Можно представить себе, с какими тревожными чувствами узнали о приближении кочевого племени люди Шекема, оповещенные своими дозорными и возвращавшимися в город согражданами. Неизвестно было, что на уме у этих бродяг – добро или зло; в последнем случае им достаточно было обладать некоторой военной сноровкой и некоторым разбойничьим опытом, чтобы поставить Шекем, несмотря на его мощную стену, в незавидное положенье. Дух этого места не отличался отвагой, тяготея скорее к торговле, покою и миру, князь Еммор был брюзгливым стариком с больными, узловатыми суставами, а сын его, молодой Сихем – избалованным барчонком, имевшим собственный гарем, хлыщом, сластеной и неженкой, и при этих обстоятельствах жители с радостью доверились бы военной доблести оккупационного гарнизона, будь хоть малейшая возможность довериться ей.

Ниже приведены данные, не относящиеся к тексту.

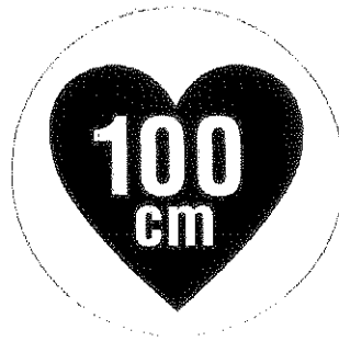
図2 据置きタイプRFID機器 (高出力型950MHz帯パッシブタグシステム) 用ステッカ

注1： ここでは、公共施設や商業区域などの一般環境下で使用されるRFID機器を対象としており、工場内など一般人が入ることができない管理区域でのみ使用されるRFID機器（管理区域専用RFID機器）については対象外としている。なお、管理区域専用RFID機器については、（一社）日本自動認識システム協会において、一般環境への流出を防止するため、取扱説明書等に注意書きを記載するとともに、管理区域専用RFID機器用ステッカ（図3）を貼付することとされている。
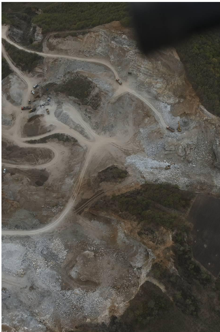
图 3-3 一、二采区采场

现状条件下露天采场总挖损面积 6.06hm 2 。损毁土地类型为乔木林地、其他林地、采矿用地和农村道路，土地权属为泉头镇农林村，见图 3-3。
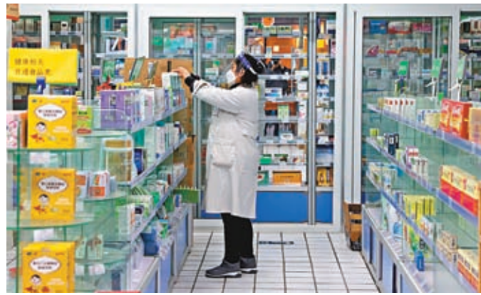
◆「新十條」第五條措施提出「保障民眾基本購藥需求」，各地藥店要正常運營，不得隨意關停。不得限制民眾線上線下購買退熱、止咳、抗病毒、治感冒等非處方藥物。圖爲12月7日北京一家藥店的工作人員在整理藥品。

「將新冠肺炎回歸到乙類管理，可以將大量的醫療資源從方艙醫院中釋放出來，回歸到正常的診療中；在搶救新冠患者中，可以將精力重點放在重點人群上；也可以爲未來進一步優化防控措施提供一定的法律依據，做到有法可依。」張伯禮告訴香港文匯報記者，把新冠肺炎降級管控的舉措，是疫情防控的重大調整，相信主管部門一定會根據病毒變異及疫情變化綜合研判，以變應變，適時有序作出調整。
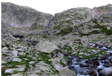
Remontando por el barranco la primera hora
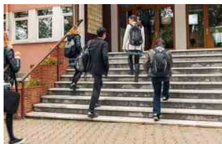
Studenti mentre entrano in una scuola superiore

Sulle Linee Guida per il ritorno a scuola a settembre, la cui approvazione continua ad essere rimandata , il ministero dell'Istruzione sarebbe venuto incontro alle richieste delle Regioni su almeno due punti: l'incremento di organico, quindi più docenti e Ata, da utilizzare negli spazi aggiuntivi che si verranno a creare; lo stanziamento di fondi per la manutenzione e adeguamento strutturale delle scuole.
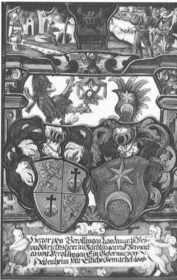
Allianzscheibe Beroldingen/Heidenheim, 1608, Wolfgang Brenz, Glasmalerei, Original Privatbesitz.

1639 sieht sich der neue Gutsherr veranlaßt, der umgreifenden Sittenverrohung zu begegnen und ein klares Sittenmandat zu erlassen. «Spinnstuben, Freß- und Sauffereyen sowie Hurerey» werden bei schwerer Strafe verboten.
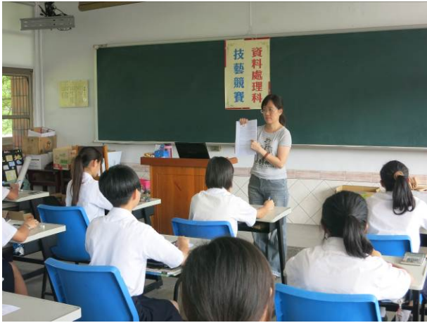
照片說明 老師說明學科競賽相關規則

Однако этот сплоченный вокруг штандарта с изображением сокола и павлиньими перьями гарнизон, именовавший себя «отрядом, блестящим, как солнечный диск», не внушал никаких надежд в случае серьезной опасности, и прежде всего не внушал их начальник, упомянутый уже Усерка-Бастет, походивший на воина весьма отдаленно. Большой друг княжеского сынка Сихема, он знал две страсти, в служении которым доходил до сумасбродства: это были кошки и цветы. Родом он был из нижнеегипетского города Пер-Бастета, название которого здешнее произношение переделало в «Пи-Бесет», отчего сихемиты называли и его, начальника отряда, просто «Бесет». Местным божеством его города была кошачьеголовая богиня Бастет, и в своем кошкопоклонстве он был неистов: его постоянно окружали эти животные, не только живые, всех возрастов и мастей, но и мертвые, ибо множество закутанных кошачьих мумий стояло, опираясь о стены, в его жилище, и он плача приносил им в жертву молоко и мышей. С этой слабостью сходилась его любовь к цветам, которая, если бы она дополняла и уравновешивала какие-то более мужские склонности, могла бы быть названа прекрасной чертой, но из-за отсутствия таковых производила удручающее впечатление. Он неизменно носил широкий воротник из живых цветов, и даже самый пустяковый предмет его обихода непременно увенчивался цветами, что в отдельных случаях было просто смешно. Одевался он самым штатским образом: ходил в белом батистовом платье, сквозь которое просвечивал набедренник, а руки его и торс были обвиты лентами, и никто никогда не видел его в латах, да и вообще единственным его оружьем была тросточка. Только благодаря известной грамотности «Бесет» вообще стал офицером.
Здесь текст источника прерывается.